The models described herein provide a number of advantages over the current general knowledge. They may be customized for use with a range of photon counting detectors (as well as Medipix), including but not limited to high-z sensor materials such as CdTe and CZT. It should be appreciated that sensor material does not limit the operation of the methods described herein. In addition, the models can be used for recovery of spectral data of a wide range of pre- clinical and industrial imaging applications.
The developed pileup models allow optimization of the scan settings for the data acquisition.
Given the scan protocol and ability of the Medipix detectors in resolving the consecutive photons, the pileup models are capable of simulating the measured spectrum in the spectral scanning systems prior to the scan.
By simulating the contribution of the pileup effect to the measurements, the developed models allow the future revision of spectral scanning reconstruction calculations to cope with count loss and energy distortion.
Such compensations allow use of higher fluxes that results in shorter imaging times. Not only this will be beneficial to human spectral imaging, but also broadens applications of the spectral imaging in which short scanning time is required.
The entire disclosures of all applications, patents and publications cited above and below, if any, are herein incorporated by reference.
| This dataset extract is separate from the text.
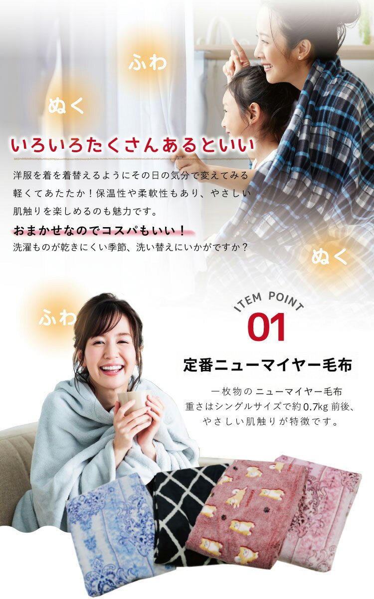 毛布 送料無料 色柄おまかせ ニューマイヤー毛布 シングル ダブル ハーフ ひざ掛け ポリエステル100% あったかブランケット 暖か もうふ 冬用 寝具 車中泊対策 節電 丸洗いOK ふわふわ 柔らか 旅行用 客用 子ども ペット |

Reference to any prior art in this specification is not, and should not be taken as, an
acknowledgement or any form of suggestion that that prior art forms part of the common general knowledge in the field of endeavour in any country in the world.
Where in the foregoing description reference has been made to integers or components having known equivalents thereof, those integers are herein incorporated as if individually set forth.
It should be noted that various changes and modifications to the presently preferred embodiments described herein will be apparent to those skilled in the art. Such changes and modifications may be made without departing from the spirit and scope of the invention and without diminishing its attendant advantages. It is therefore intended that such changes and modifications be included within the present invention.